A/B interface testing
Introduction
A/B testing is a controlled experiment where two (or more) versions of an interface are compared on real users to understand which version leads to better product metrics. The goal is to reduce uncertainty in decision making and improve UX through verifiable changes rather than opinions.
When A/B testing is appropriate
There is a measurable goal (conversion, time to action, hold, NPS, task speed).
The expected effect is not obvious or may differ by segment.
The risk of change is high enough to justify the experiment.
Traffic allows you to quickly collect a statistically significant sample.
When it is better not to test: microcopies on underused screens, features with strong network/social dependence (overflow of effects), edits that require long-term training of users.
Hypothesis formulation
Template:- If we change [X in the interface] for [Y-segment/all], then [Z metric] will change to [direction/magnitude] because [behavioral reason].

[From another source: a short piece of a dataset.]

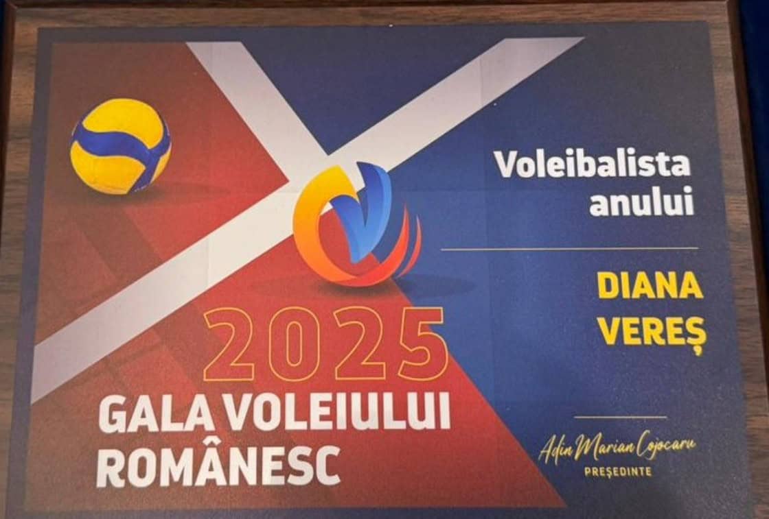 Diana Vereș a fost desemnată voleibalista anului 2025 în România, a anunțat Volei Alba Blaj. Distincția i-a fost acordată la Gala Voleiului Românesc.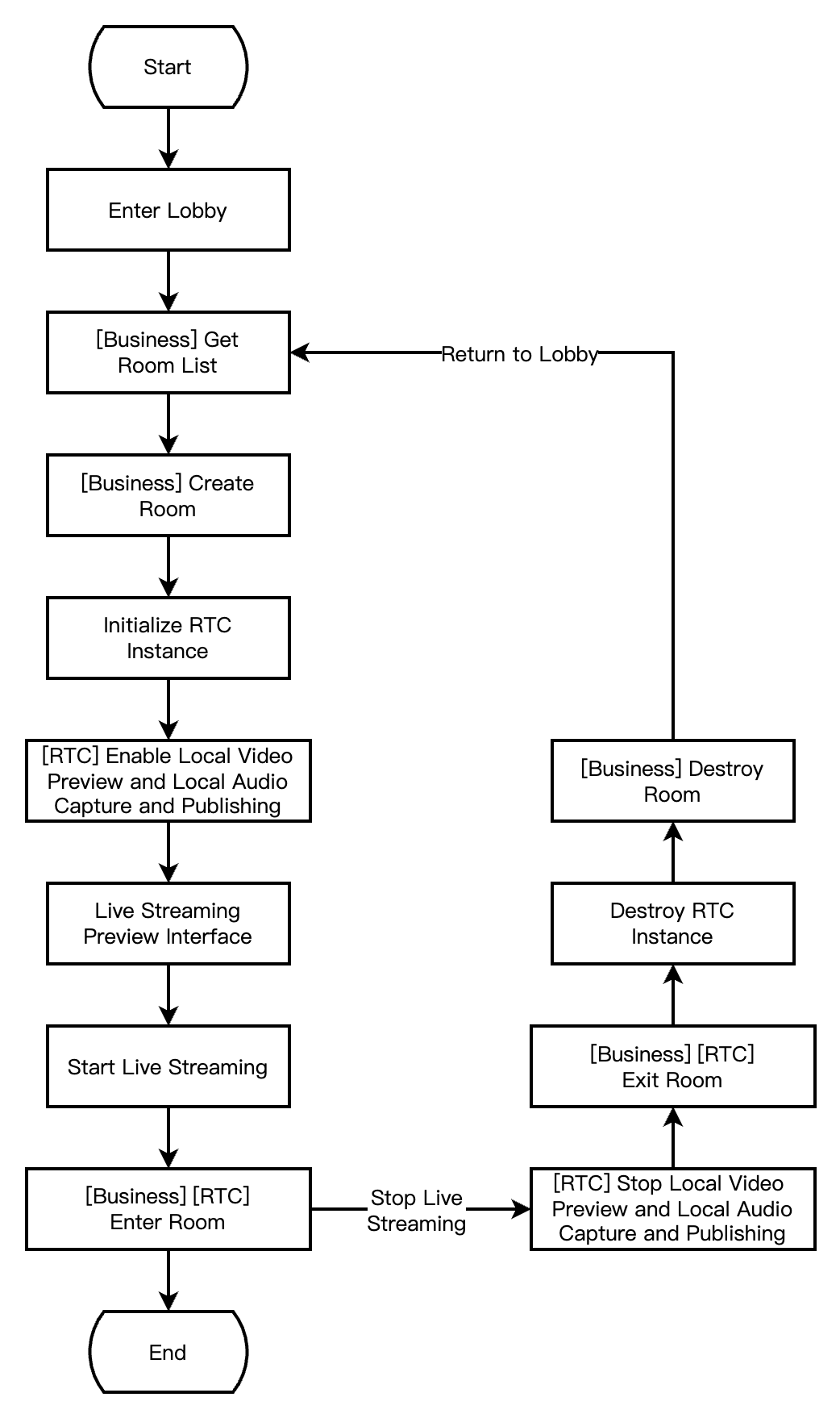 - (void)enterRoomByAnchorWithUserId:(NSString *)userId roomId:(NSString *)roomId {TRTCParams *params = [[TRTCParams alloc] init];// 文字列のルーム番号を例にparams.strRoomId = roomId;params.userId = userId;// 業務バックエンドから取得したUserSigparams.userSig = @"userSig";// 自分のSDKAppIDに置き換えるparams.sdkAppId = 0;// アンカーロール指定params.role = TRTCRoleAnchor;// インタラクティブライブシナリオで入室[self.trtcCloud enterRoom:params appScene:TRTCAppSceneLIVE];}// 入室結果イベントコールバック- (void)onEnterRoom:(NSInteger)result {if (result > 0) {// resultは入室にかかった時間(ミリ秒)NSLog(@"Enter room succeed!");} else {// result入室失敗のエラーコードNSLog(@"Enter room failed!");}}

Example: If you move the main CTA above the crease line and reduce the shape from 6 to 3 fields, then the CR of the primary action will increase by + 3-5% due to a decrease in friction.
Metrics: Target and Defensive
Primary: one key - for example, target script completion/conversion.
Secondary: scrolling depth, CTR, time to action, errors, page speed.
Guardrails (protective): performance stability (TTFB, LCP), returns/refusals, complaints/rollbacks, compliance with notification limits, availability.
It is recommended to fix MDE (minimum detectable effect), observation window and success criteria in advance.
Experiment design
Randomization and unit of analysis
Randomization unit: user (user_id), sometimes session or organization (cluster).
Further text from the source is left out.